CMPT 280– Intermediate Data Structures and Algoirthms

Assignment 4

Total Marks: 67

1 Submission Instructions

• Assignments must be submitted using Moodle.

• Responses to written (non-programming) questions must be submitted in a PDF file, plain text file

(.txt), Rich Text file (.rtf), or MS Word’s .doc or .docx files. Digital images of handwritten pages

are also acceptable, provided that they are clearly legible.

• Programs must be written in Java.

• If you are using IntelliJ (or similar development environment), do not submit the project or module

folder. Hand in only those files identified in Section 5. Export your .java source files from the

workspace and submit only the .java files.

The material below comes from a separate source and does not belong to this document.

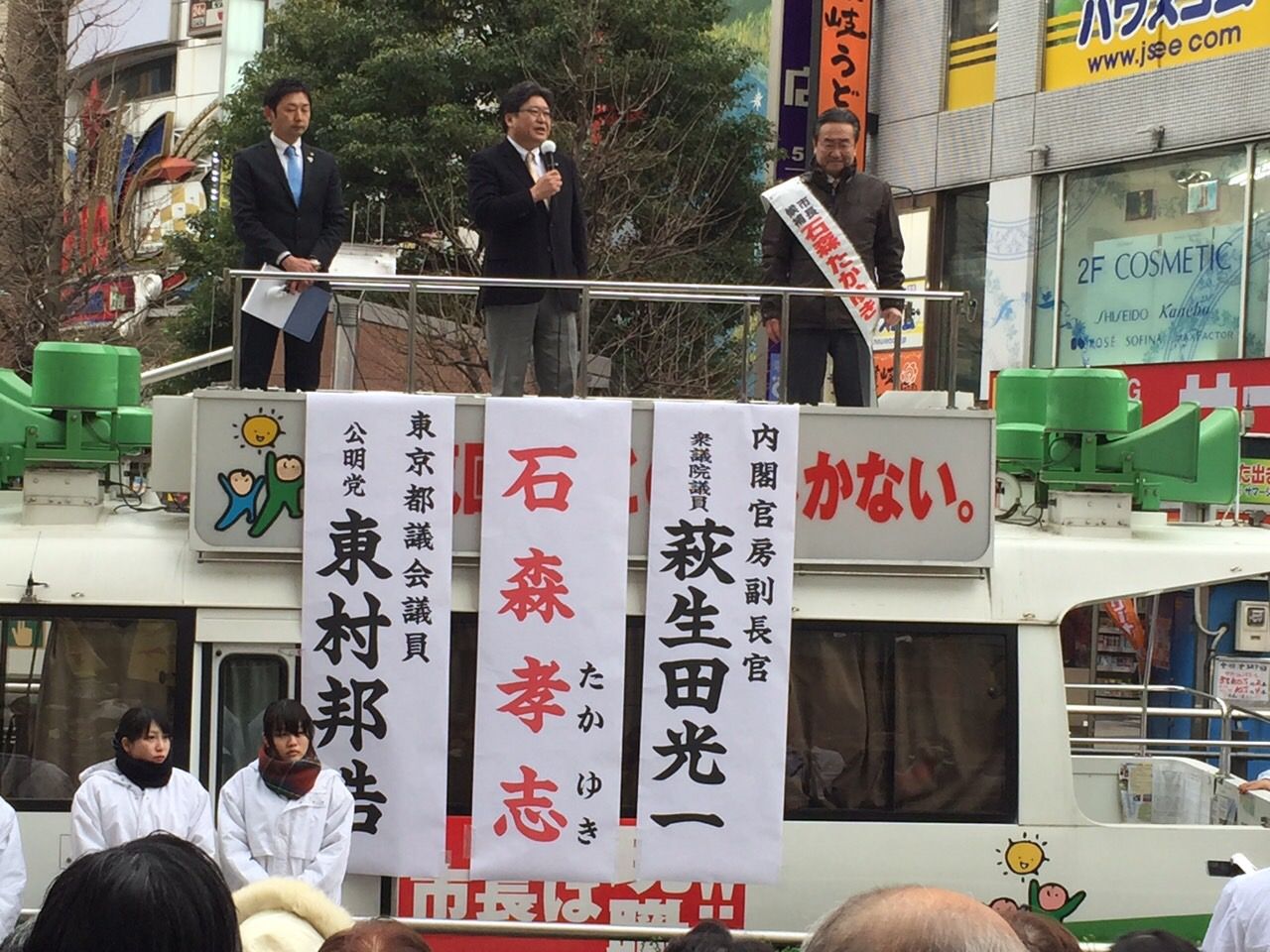 石森市長の総決起大会は寒い中、オリンパスホール満席の皆さんが集まって頂きました。石森市政の4年間は国政・都政との連携も良好で、しっかりと成果を上げています。来年は市政100年の大きな節目を迎えます。三多摩のリーディングシティとしての八王子再生に力を合わせて臨む決意です。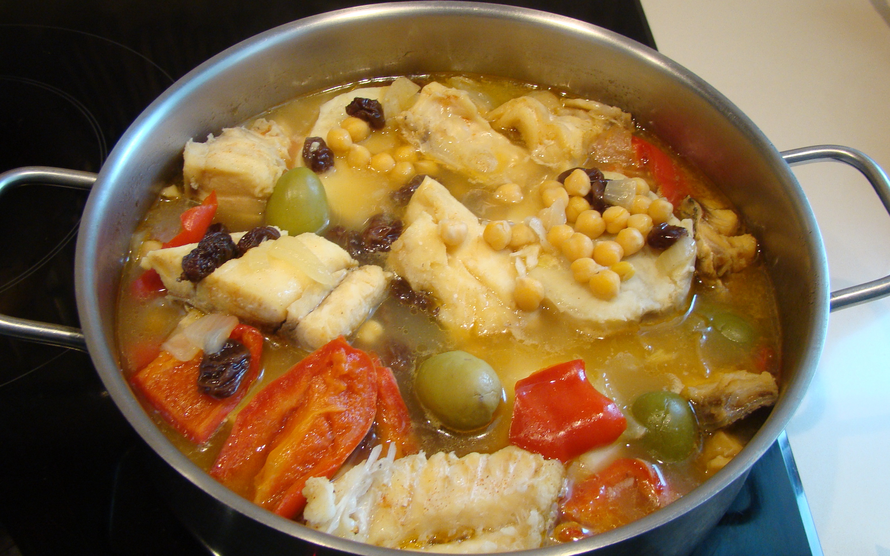 INGREDIENTES: 200 gramos de garbanzos, 8 trozos de corvina salada, 1 cebolla, 2 dientes de ajo, 1 pimiento encarnado, 3 cucharadas de aceite de oliva, 1 vaso de vino blanco, 1 batata blanca, 1 cucharadita de pimentón dulce y sal al gusto.

• No late assignments will be accepted. See the course syllabus for the full late assignment policy for

this class.

2 Background

2.1 Heaps

A heap is a binary tree which has the following heap property: the item stored at a node must be at least as

large as any of its descendents (if it has any). In a heap, when an item is removed, it is always the largest

item (the one stored at the root) that gets removed. Also, the only item that is allowed to be inspected is

the top of the heap, in much the same way that the only item of a stack that may be inspected is the top

element. Stacks, queues, and heaps are all examples of collections of data items that we call dispensers. You

can put stuff into a dispenser, but the user doesn’t get to specify where – the collection decides according

to some rule(s). Likewise, you can take something out of a dispenser, but the dispenser decides what item

you get. Dispensers maintain a current item using an internal cursor, but the dispenser always decides

what is the current item, and thus the item that will next be dispensed when a user asks to remove or

inspect the current item. Dispensers do not have public methods to control the cursor position because

the user is not supposed to control this; it’s up to the dispenser. In a stack, the “current” item is always

the item at the top of the stack. In a queue it is the item at the front of the queue. In a heap it is the item

at the root of the heap.

In question 1 you will implement a heap by writing a class called ArrayedHeap280 that extends the

abstract class ArrayedBinaryTree280<I and implements the Dispenser280<I interface. Here are brief

pseudocode sketches of the insert and deleteItem algorithms:

Algoirthm insert (H , e )

Inserts the element e into the heap H .

Insert e into H normally , as in ArrayedBinaryTreeWithCursors280 <I

// ( put it in the left – most open position at the bottom level of the tree )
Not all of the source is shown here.